You can retrieve the name of an element using \methodname{getFullName}, thus:

\begin{example}
FOO.getFullName() $\to$ "FOO"
\end{example}

You can enumerate the attribute keys using 
\methodname{enumerateAttributeNames}:

\begin{example}
Enumeration enum = FOO.enumerateAttributeNames();
\xkeyword{while} (enum.hasMoreElements()) \{
~~System.out.print(enum.nextElement());
~~System.out.print(' ');
\}
$\to$ attr1 attr2
\end{example}

You can retrieve the value of an attribute using \methodname{getAttribute}:

\begin{example}
FOO.getAttribute ("attr1", null) $\to$ "fred"
\end{example}

The child elements can be enumerated using \methodname{enumerateChildren}:

\begin{example}
Enumeration enum = FOO.enumerateChildren();
\xkeyword{while} (enum.hasMoreElements()) \{
~~System.out.print(enum.nextElement() + ' ');
\}
$\to$ BAR QUUX
\end{example}

If the element contains parsed character data \ltext{(\#PCDATA)} as its only
child.
You can retrieve that data using \methodname{getContent}:

\begin{example}
BAR.getContent() $\to$ "Some data."
\end{example}

If an element contains both \ltext{\#PCDATA} and \XML  elements as its
children, the character data segments will be put in untitled \XML
elements (whose name is \ltext{null}).

\classname{IXMLElement} contains many convenience methods for retrieving data
and traversing the \XML  tree.


\section{Generating \XML}

You can very easily create a tree of \XML  elements or modify an
existing one.

To create a new tree, just create an \classname{IXMLElement} object:

\begin{example}
IXMLElement elt = \xkeyword{new} XMLElement("ElementName");
\end{example}

You can add an attribute to the element by calling \methodname{setAttribute}.

\begin{example}
elt.setAttribute("key", "value");
\end{example}

You can add a child element to an element by calling \methodname{addChild}:

\begin{example}
IXMLElement child = elt.createElement("Child");
elt.addChild(child);
\end{example}

Note that the child element is created calling \methodname{createElement}.
This insures that the child instance is compatible with its new parent.
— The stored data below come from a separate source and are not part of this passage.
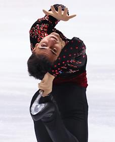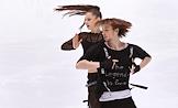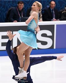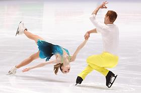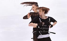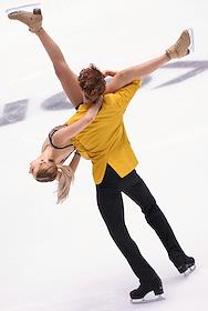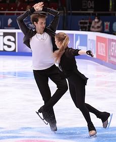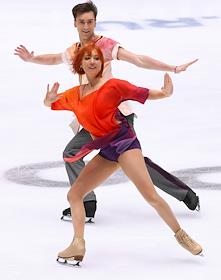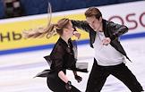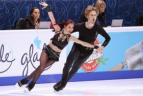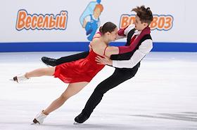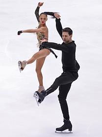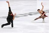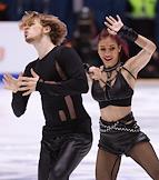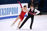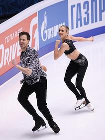 Ростелеком-Чемпионат России - 2022 по фигурному катанию на коньках в спорткомплексе "Юбилейный". Танцы на льду. Ритм-танец. Фигуристы Тиффани Загорски и Джонатан Гурейро во время выступления.
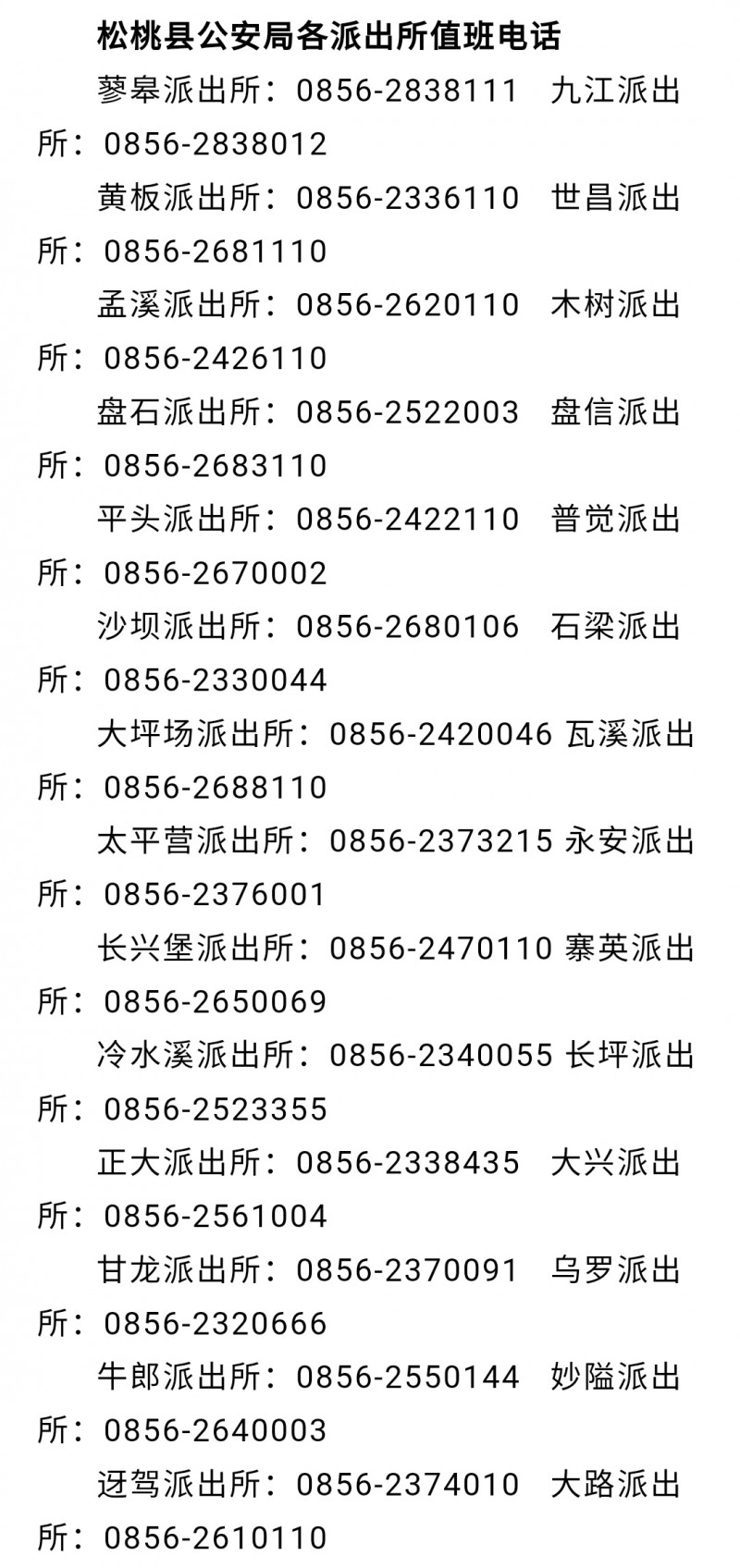 铜仁市松桃县辖区各派出所户籍窗口业务办理值班服务电话大全表:
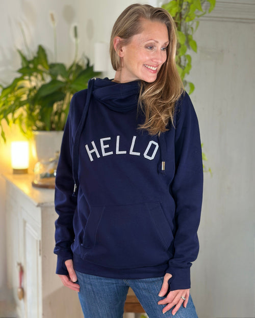 This super soft stylish hoodie is the ultimate luxurious sweatshirt with 'HELLO' embossed across the front, a large pocket and large hood with drawstrings. A lovely warm fluffy lining. The long arms finish in a soft ribbed cuff with finger hole - allowing you to keep hands warm and the sleeves from rolling up!

If an element has no children, you can add \ltext{\#PCDATA} content to it using
\methodname{setContent}:

\begin{example}
child.setContent("Some content");
\end{example}

If the element does have children, you can add \ltext{\#PCDATA} content to it
by adding an untitled element, which you create by calling
\methodname{createPCDataElement}:

\begin{example}
IXMLElement pcdata = elt.createPCDataElement();
pcdata.setContent("Blah blah");
elt.addChild(pcdata);
\end{example}

When you have created or edited the XML element tree, you can write it out to
an output stream or writer using an \classname{XMLWriter}:

\begin{example}
java.io.Writer output = \ldots;
IXMLElement xmltree = \ldots;
XMLWriter xmlwriter = new XMLWriter(output);
writer.write(xmltree);
\end{example}


\section{Namespaces}

As of version 2.1, \ltext{NanoXML} has support for namespaces.
Namespaces allow you to attach a \ltext{URI} to the name of an element name or an attribute.
This \ltext{URI} allows you to make a distinction between similary named
entities coming from different sources.
More information about namespaces can be found in the XML Namespaces
recommendation, which can be found at
\href{http://www.w3c.org/TR/REC-xml-names/}%
{http://www.w3c.org/TR/REC-xml-names/}.

Please note that a \ltext{DTD} has no support for namespaces.
It is important to understand that an \XML  document can have only one
\ltext{DTD}.
Though the namespace \ltext{URI} is often presented as a \ltext{URL}, that
\ltext{URL} is not a system id for a \ltext{DTD}.
The only function of a namespace \ltext{URI} is to provide a globally unique
name.

As an example, lets have the following \XML  data:

\begin{example}
$<$doc:book xmlns:doc="http://nanoxml.n3.net/book"$>$
~~$<$chapter xmlns="http://nanoxml.n3.net/chapter"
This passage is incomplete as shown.